Attribute Mandatory Description Default ETL Version since
id yes component identification
type yes component type DATA_INTERSECT
joinKey yes field names separated by :;| {colon, semicolon, pipe}. Since 2.5 version it is advocated to use new firm syntax for join key: $fieldA1=$fieldB1;$fieldA2=$fieldB2;….
transform if no transformClass contains definition of transformation in internal clover format
transformClass if no transform name of Java library file (.jar,.zip,…) where to search for class to be used for transforming data.
transformURL no contains path to the file with transformation code.
charset no encoding of extern source ISO-8859-1
slaveOverrideKey no
since 2.5 ver. deprecated
can be used to specify different key field names for records on slave input; field names separated by :;| {colon, semicolon, pipe}
equalNULL no specifies whether two fields containing NULL values are considered equal. true
keyDuplicates no true/false - allows records to have duplicate keys. False - multiple duplicate records are discarded - only the last one is sent to transformation.
Above is valid from version 2.5 - older version can't hadle duplicate keys and only first occurrence was sent to product of A&B.
true 2.5
errorActions no defines if graph is to stop, when transformation returns negative value. Available actions are: STOP or CONTINUE. For CONTINUE action, error message is logged to console or file (if errorLog attribute is specified) and for STOP there is thrown TransformExceptions and graph execution is stopped. Error action can be set for each negative value (value1=action1;value2=action2;…) or for all values the same action (STOP or CONTINUE). It is possible to define error actions for some negative values and for all other values (MIN_INT=myAction). -1=CONTINUE;MIN_INT=STOP 2.6
errorLog no path to the error log file. 2.6

Example:

  <Node id="INTERSECT" type="DATA_INTERSECT" joinKey="CustomerID" transformClass="org.jetel.test.reformatOrders"/>
  <Node id="INTERSECT" 
        type="DATA_INTERSECT"
        joinKey="EmployeeID">
     <attr name="transform">
       import org.jetel.component.DataRecordTransform;
       import org.jetel.data.*;
 
       public class intersectionTest extends DataRecordTransform{
 
         public boolean transform(DataRecord[] source, DataRecord[] target){
           target[0].getField(0).setValue(source[0].getField(0).getValue());
           target[0].getField(1).setValue(source[0].getField(1).getValue());
           target[0].getField(2).setValue(source[1].getField(2).getValue());
           return true;
         }
       }
     </attr>
 </Node>
 <Node id="INTERSECT" joinKey="$EmployeeID=$EMP_NO;#" type="DATA_INTERSECTION">
   <attr name="transform"><![CDATA[${out.0.EMP_NO} = ${in.0.EmployeeID};
      ${out.0.FIRST_NAME} = ${in.0.FirstName};
      ${out.0.LAST_NAME} = ${in.0.LastName};
      ${out.0.FULL_NAME} = ${in.1.FULL_NAME};
      ${out.0.HIRE_DATE} = ${in.1.HIRE_DATE};
      ${out.0.HIRE_DATE} = ${in.0.HireDate};
   ]]></attr>
 </Node>



Dedup

Removes duplicates from data flow of sorted records based on specified key. The key is name (or combination of names) of field(s) from input record. It keeps either First or Last record from the group based on the parameter 'keep' specified. All duplicated records are rejected to the second optional port. When no key is defined, dedup act as UNIX 'head' (Keep = First), or UNIX 'tail' (Keep= Last).

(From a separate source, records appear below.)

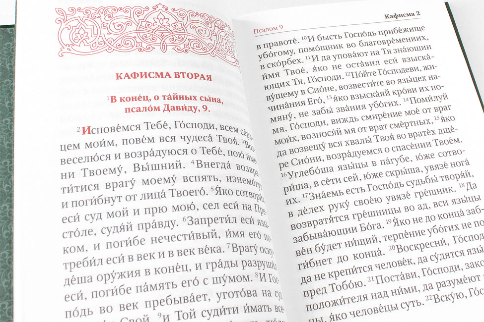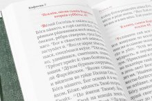 Псалтирь на русском языке, крупный шрифт, два цвета, закладка, обложка бумвинил, тиснение.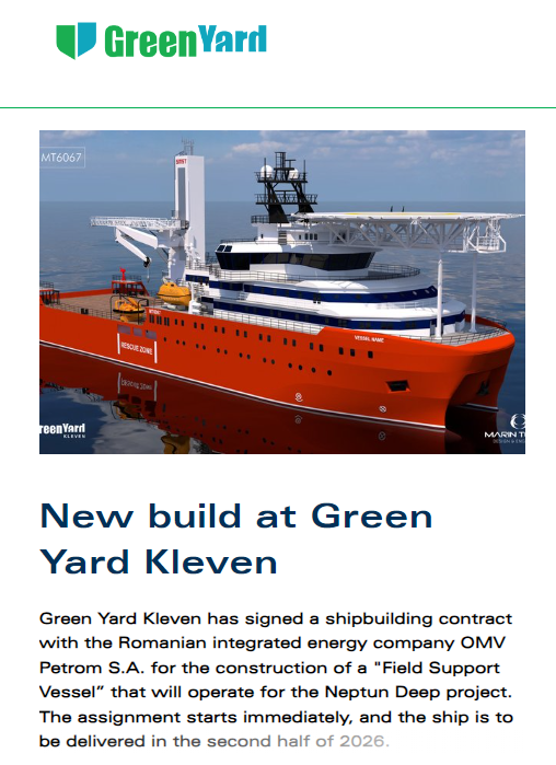 Green Yard Kleven首席执行官Hans Jørgen Fedog表示:“自2020年接管该船厂以来,我们始终致力于通过承接适合我们的项目,在新造船市场中稳固地位。因此,我们对此次获得的合同感到非常高兴。OMV Petrom选择我们承接这份合同,也让我们倍感荣幸。这是一次极具价值的合作,建立在双方深厚的信任基础之上。”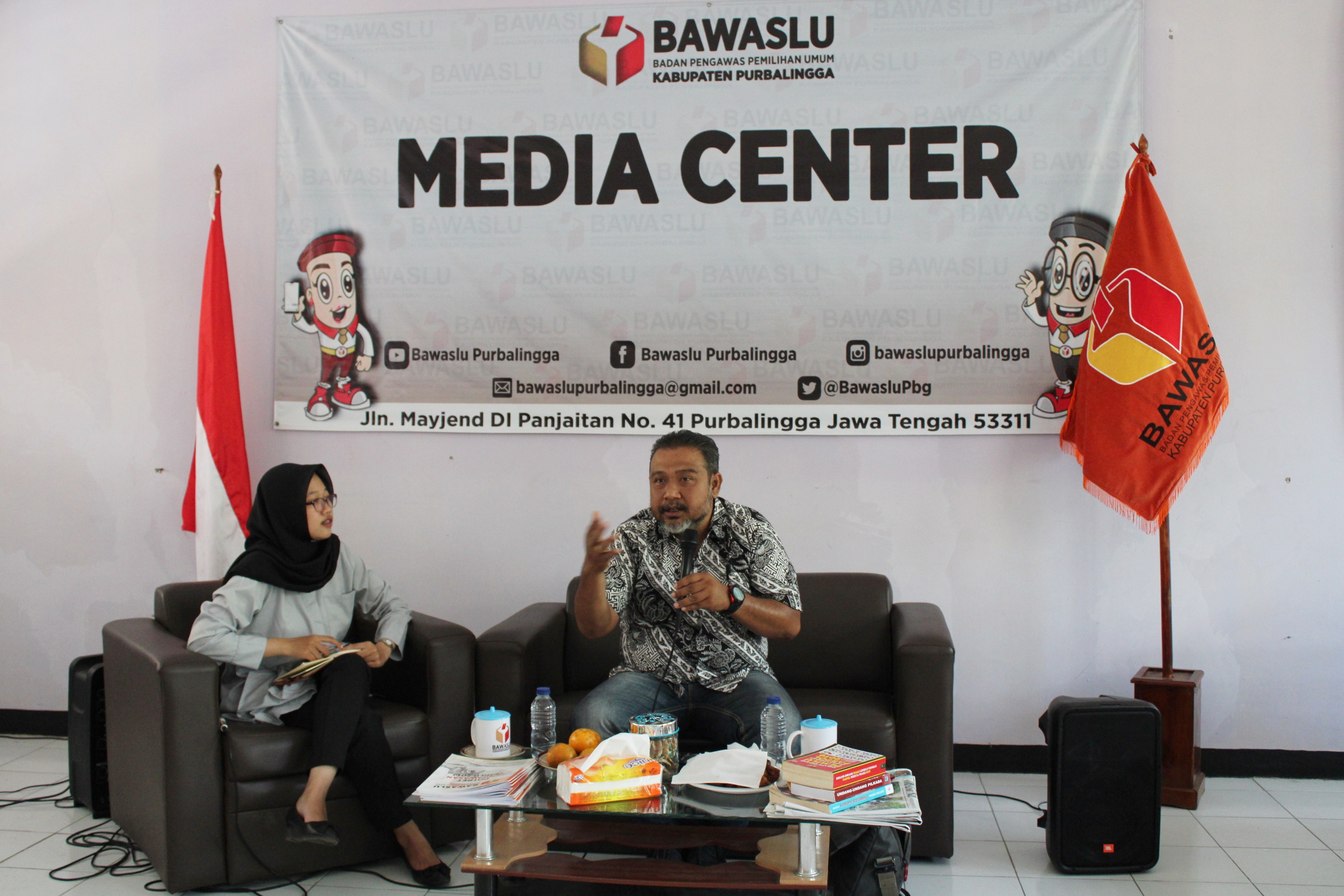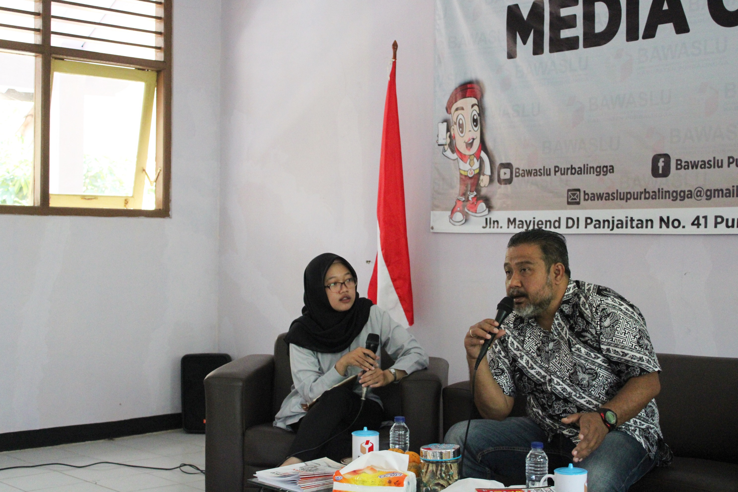 Hadir sebagai narasumber dalam diskusi tersebut Joko Santoso Ketua PWI Purbalingga.

Input ports: * one input port defined/connected.

Output ports:

  • result of deduplication
  • (optional) all rejected records


Xml attributes:

Attribute Mandatory Description Default ETL Version since
id yes component identification
type yes component type DEDUP
dedupKey yes field names separated by :;| {colon, semicolon, pipe}, can be also empty, then all records are considered as one group
keep no one of “First|Last|Unique” {the fist letter is sufficient} First
equalNULL no specifies whether two fields containing NULL values are considered equal. true
noDupRecord no number of duplicate records to be written to out port 1

Example:

  <Node id="DISTINCT" type="DEDUP" dedupKey="Name" />
 
  <Node id="DISTINCT"
        type="DEDUP"
        dedupKey="Name"
        keep="Last"
        equalNULL="false"
  />



Denormalizer

Denormalizes input records - i.e. composes one output record from several input records with identical key using user-specified transformation. The component implements a RecordDenormalize interface or inherits from a DataRecordDenormalize class.

Input ports: * one input port to receive the records to be denormalized.

Output ports:

  • one output port to send out the results of denormalization.

As an example of denormalization, you can imagine a case when average air temperatures and pressures were measured during the twelve months of a year. You can have this information about many years represented by records consisting of four fields. The first two are the year and the month, the third and fourth are the average temperature and average pressure. Thus, you have 12 records for one year. If you want to compose these 12 records together and convert them into a new one, such new record will consist of 25 fields. The first field contains the year. In the other 24 fields, the temperatures and pressures alternate for all the twelve months of the specified year. Now the information about the month is only in the order of the temperature or the pressure within all the 24 fields. The counterpart of this process is normalization. You must declare some variables and use two functions: append() and transform(). Within the first function, you assign the field values to the defined variables, within the second you map these variables to the outgoing fields. See below how you can define the denormalization. (We briefly illustrate it, for two months of a year - January and February. We suppose the records are sorted in ascending order according to the year field. This field is the Key.)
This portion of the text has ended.